(What needs to be done)
With the pictures left out, restate exactly the part below that opens with the line containing "Braukunst aus dem" and closes with the line containing "ÎNCADRARE ÎN ZONĂ".

'''

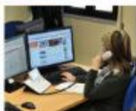
Dele dignem qu laoreet praesent luptatum zzril delenit augue duis dolore te feugiat nulla facilisis at vero eros et accumsan et justo odio dignissim qui blandit praesent luptatum zzril delenit augue duis dolore te feugiat nulla facilisis.
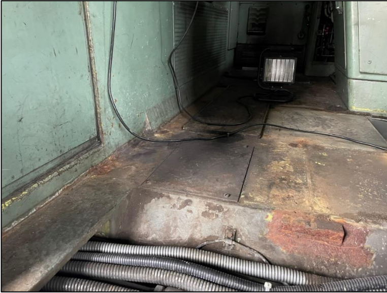
Unterboden im Führerstand

der Kleber und der Dachverkleidungen. Weiter ist es notwendig die Fussböden in den Führerständen zu ersetzen.
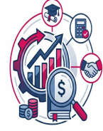
دورات المحاسبة و التمويل و دورات الإدارة الهائية
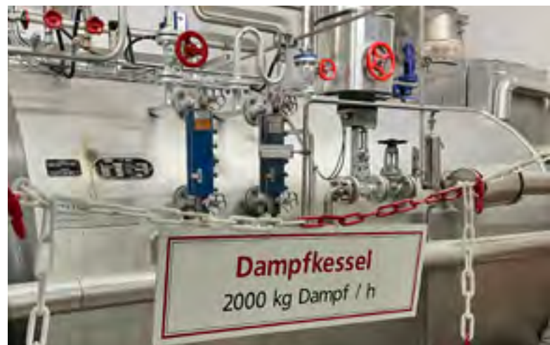
Braukunst aus dem Berner Oberland bei der Rugenbräu AG.
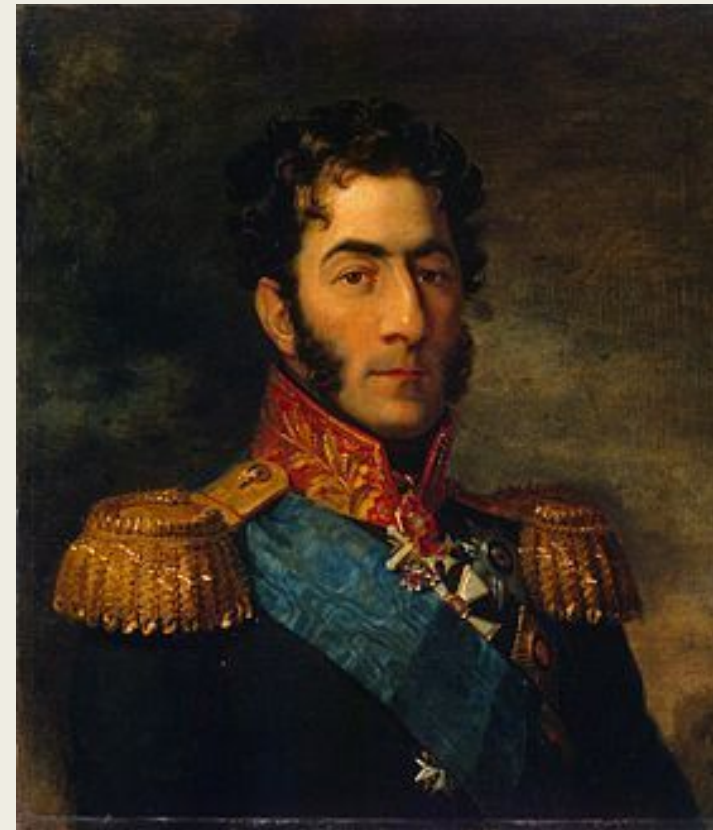
П. И. Багратион
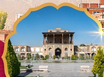
Ali Qapu Palace
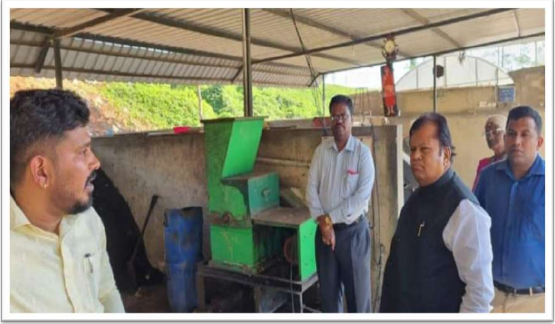
ಕರ್ನಾಟಕದಲ್ಲಿ ಪ್ರಥಮ ಬಾರಿಗೆ ದೇವನಹಳ್ಳಿಯಲ್ಲಿ ನಿರ್ಮಿಸಲಾಗಿರುವ ಮೂಲ ಸಂಸ್ಕರಣಾ ಘಟಕ ವೀಕ್ಷಣೆ
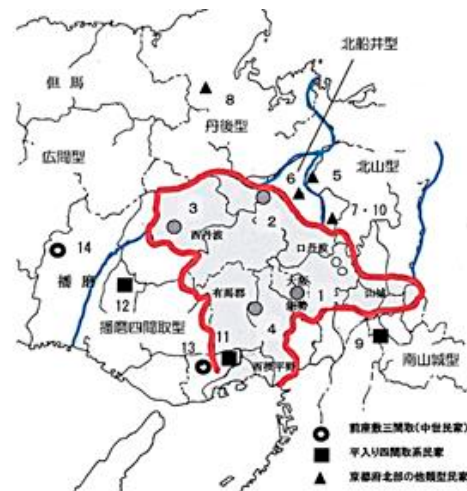
図1 摂丹型民家の分布域と周辺の民家型式

また、屋根の妻側の三角形の部分、通常は穴が開いていて、煙り抜きなどになっていますが、摂丹型民家の場合は、その部分に破風(はふ)と呼ばれる妻飾りを付加します。家屋の妻側を正面にし
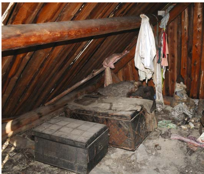
Рис. 3. Чердачное помещение со священными сундуками. Поселок Ясунт. Фото 2008 г.

Снаружи в ее левой части на высоте ок. 1,5 м от земли прикреплена еще одна священная полка: во время обрядов на нее ставят вынесенные из дома сундуки или ящики с фигурами духов-покровителей, здесь же помещается жертвенная пища и водка.
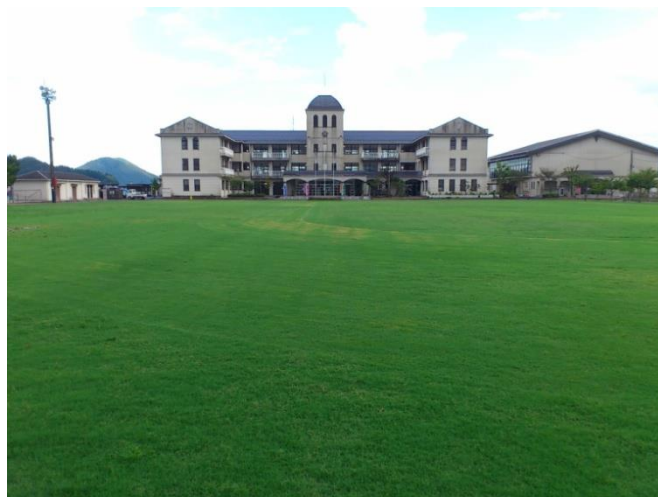
移植後約 3 カ月の芝生の模様 撮影日：2012 年 9 月 20 日
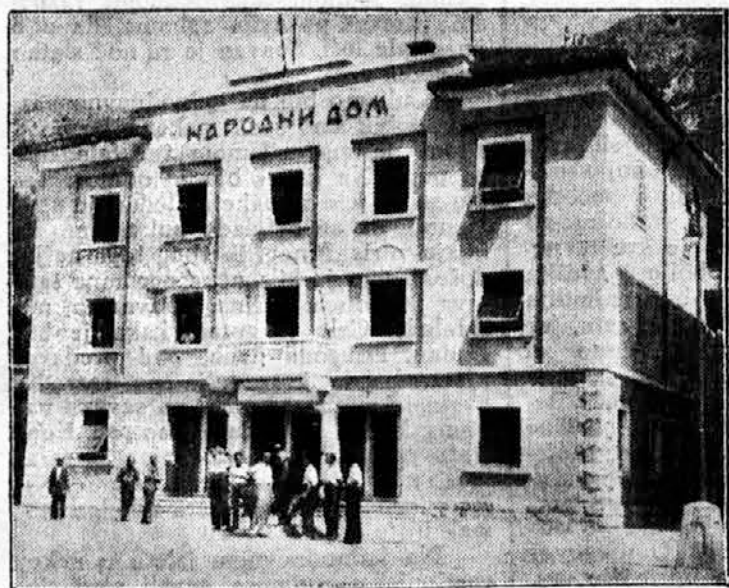
Narodni dom u Risnu ujedno i Sokolski dom

Svečano otvorenje doma sledilo je 6. septembra na Prestonasledniku
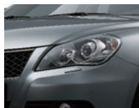
Mineral Gray Metallic (ZMW)
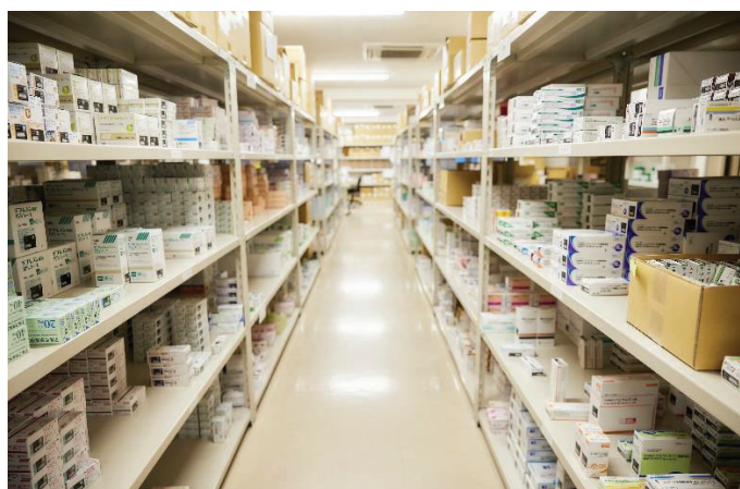
当社の医薬品倉庫。メーカーラインナップが強みです！
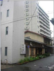
Japanisches Haus (Kyoto)
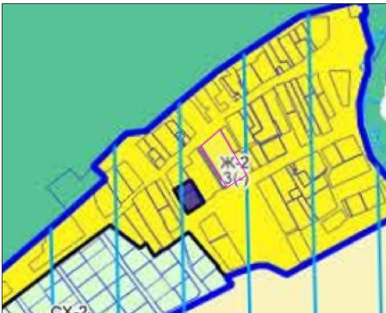
Рисунок 1 – Фрагмент карты градостроительного зонирования городского округа

Фрагмент карты градостроительного зонирования Одинцовского городского округа Московской области в части рассматриваемой территории представлен на рисунке 1.
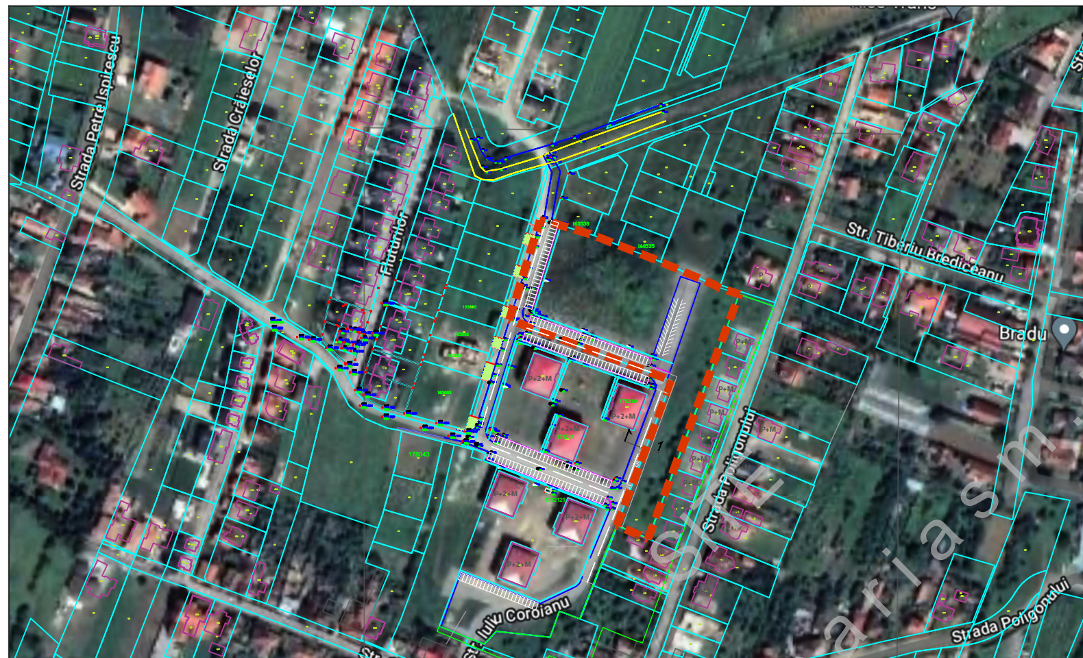
ÎNCADRARE ÎN ZONĂ

Terenul se încadrează conform PUZ-ului menționat în certificatul de urbanism nr. 574 din 13.08.2020 în subzona IS, teren cu interdicție temporară de construire pentru orice funcțiune de tip IS până la elaborare și aprobare PUD.
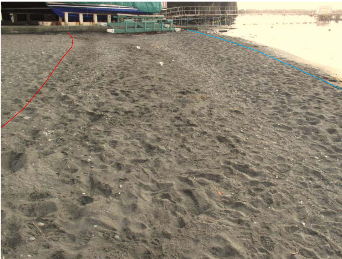
Foto 8 – Particolare del lato ovest della spiaggia. In rosso la berma di tempesta e in azzurro quella ordinaria.
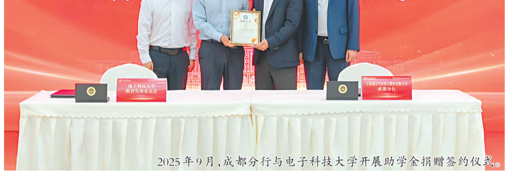
2025年9月，成都分行与电子科技大学开展助学金捐赠签约仪式。

面对金融变革浪潮，唯有创新突破，方能赢得未来。成都分行坚定践行总行“数智化”战略，遵循“赛道+区域+行业+产品”“链主+核心客群”经营范式，推动多赛道协同布局、联动发展。2025年，成都分行赛道经营整体KPI考核位列全行第6位，供应链金融、跨境金融、财富金融三大赛道业绩稳居全行前三。
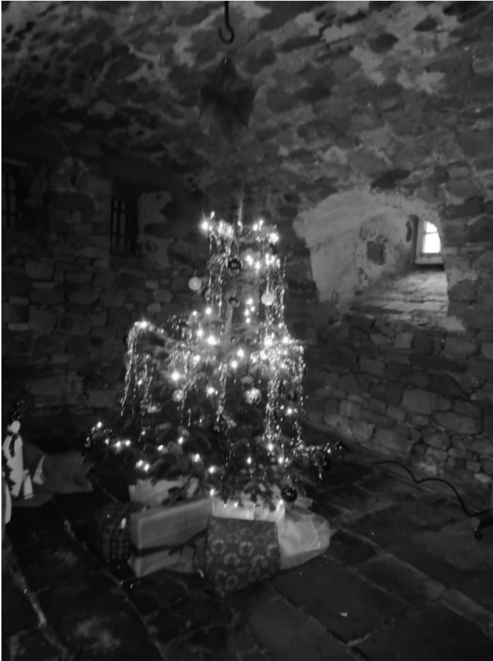
Das Weihnachtszimmer hat noch bis 6. Januar geöffnet!
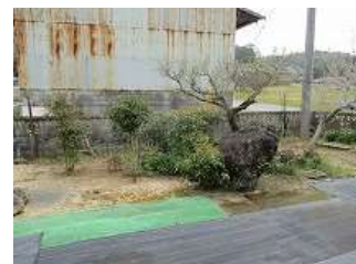
中央No72 外観・外回り
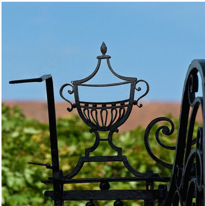
Cour d'angle sur rue : détail du portail en fer forgé.
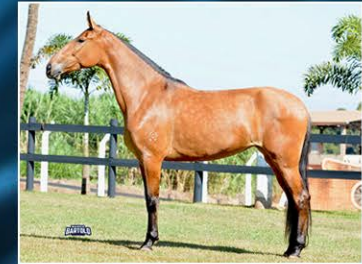
FRANCISCA DO JAR
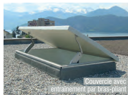
Couvercle avec entraînement par bras-pliant
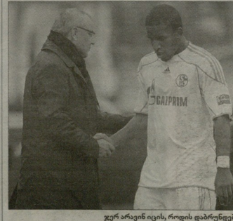
ჯარ არაინი იცის, როდის დაბრუნდება ფარგანი ფარგანი გუნდში
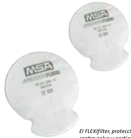
El FLEXifilter, protección contra polvo y partículas FLEXifilter

Los FLEXifilter son adecuados para aplicaciones donde existan aerosoles de partículas y olores. Puesto que los filtros caben holgadamente bajo las pantallas de soldador, se utilizan frecuentemente para esta aplicación.
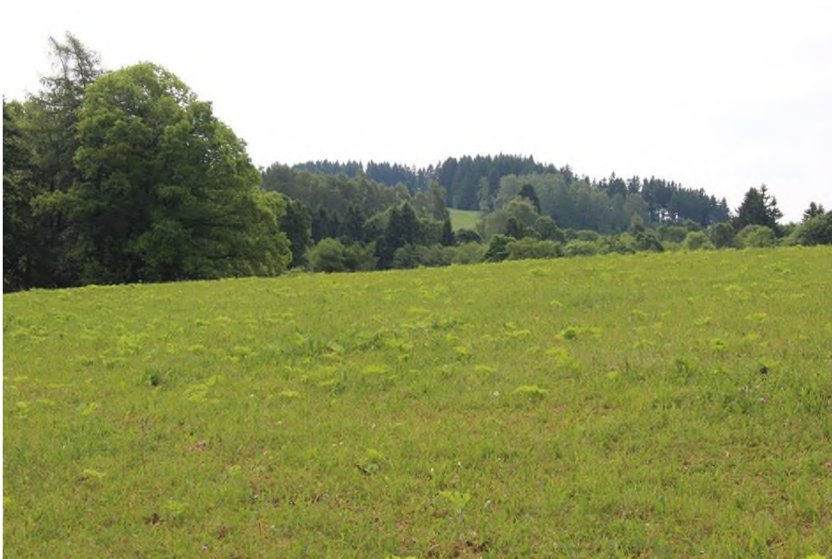
pokud na ploše nejsou ve velké míře semenáče, jedná se o střední pokryvnost
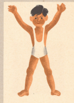
L'âlène et ses amis
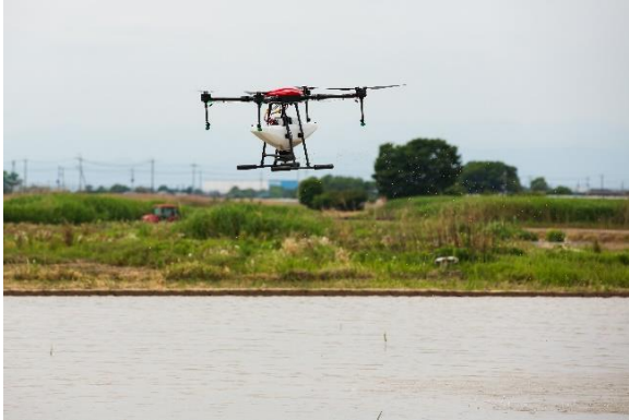
ドローン田植えの様子 (5月12日)
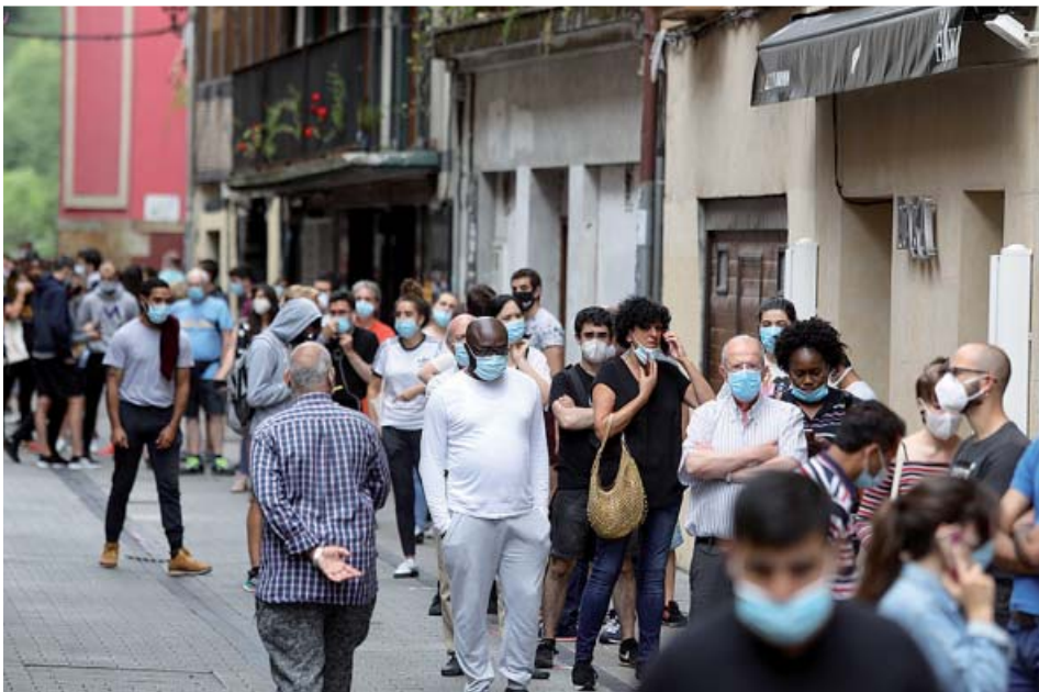
Vecinos de Ordizia, Guipúzcoa, hacen cola para realizarse un test de coronavirus.

'''

(Response to the task)
Braukunst aus dem Berner Oberland bei der Rugenbräu AG.
П. И. Багратион
Ali Qapu Palace
ಕರ್ನಾಟಕದಲ್ಲಿ ಪ್ರಥಮ ಬಾರಿಗೆ ದೇವನಹಳ್ಳಿಯಲ್ಲಿ ನಿರ್ಮಿಸಲಾಗಿರುವ ಮೂಲ ಸಂಸ್ಕರಣಾ ಘಟಕ ವೀಕ್ಷಣೆ
図1 摂丹型民家の分布域と周辺の民家型式

また、屋根の妻側の三角形の部分、通常は穴が開いていて、煙り抜きなどになっていますが、摂丹型民家の場合は、その部分に破風(はふ)と呼ばれる妻飾りを付加します。家屋の妻側を正面にし
Рис. 3. Чердачное помещение со священными сундуками. Поселок Ясунт. Фото 2008 г.

Снаружи в ее левой части на высоте ок. 1,5 м от земли прикреплена еще одна священная полка: во время обрядов на нее ставят вынесенные из дома сундуки или ящики с фигурами духов-покровителей, здесь же помещается жертвенная пища и водка.
移植後約 3 カ月の芝生の模様 撮影日：2012 年 9 月 20 日
Narodni dom u Risnu ujedno i Sokolski dom

Svečano otvorenje doma sledilo je 6. septembra na Prestonasledniku
Mineral Gray Metallic (ZMW)
当社の医薬品倉庫。メーカーラインナップが強みです！
Japanisches Haus (Kyoto)
Рисунок 1 – Фрагмент карты градостроительного зонирования городского округа

Фрагмент карты градостроительного зонирования Одинцовского городского округа Московской области в части рассматриваемой территории представлен на рисунке 1.
ÎNCADRARE ÎN ZONĂ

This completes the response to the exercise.